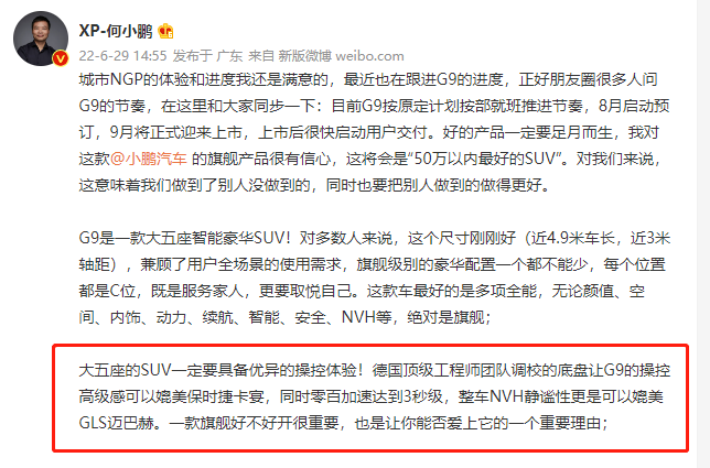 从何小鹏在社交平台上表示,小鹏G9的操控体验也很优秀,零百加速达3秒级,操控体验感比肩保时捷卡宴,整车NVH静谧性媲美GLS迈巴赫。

...

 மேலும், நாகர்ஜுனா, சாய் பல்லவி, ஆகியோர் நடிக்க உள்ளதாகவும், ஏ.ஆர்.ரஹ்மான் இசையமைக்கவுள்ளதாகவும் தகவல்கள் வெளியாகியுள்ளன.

* * *

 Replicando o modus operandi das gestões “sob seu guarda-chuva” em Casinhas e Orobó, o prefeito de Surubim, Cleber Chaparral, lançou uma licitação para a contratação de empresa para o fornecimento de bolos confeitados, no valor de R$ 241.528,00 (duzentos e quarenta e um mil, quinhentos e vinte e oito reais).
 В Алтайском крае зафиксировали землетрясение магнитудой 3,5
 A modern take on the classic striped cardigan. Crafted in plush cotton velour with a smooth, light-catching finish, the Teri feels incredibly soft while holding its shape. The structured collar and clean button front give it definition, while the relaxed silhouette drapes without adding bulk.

Task goal: Working from the records above, write out verbatim only the lines from the line containing "В Алтайском крае" through the line containing "A modern take".

Exercise result:
 В Алтайском крае зафиксировали землетрясение магнитудой 3,5
 A modern take on the classic striped cardigan. Crafted in plush cotton velour with a smooth, light-catching finish, the Teri feels incredibly soft while holding its shape. The structured collar and clean button front give it definition, while the relaxed silhouette drapes without adding bulk.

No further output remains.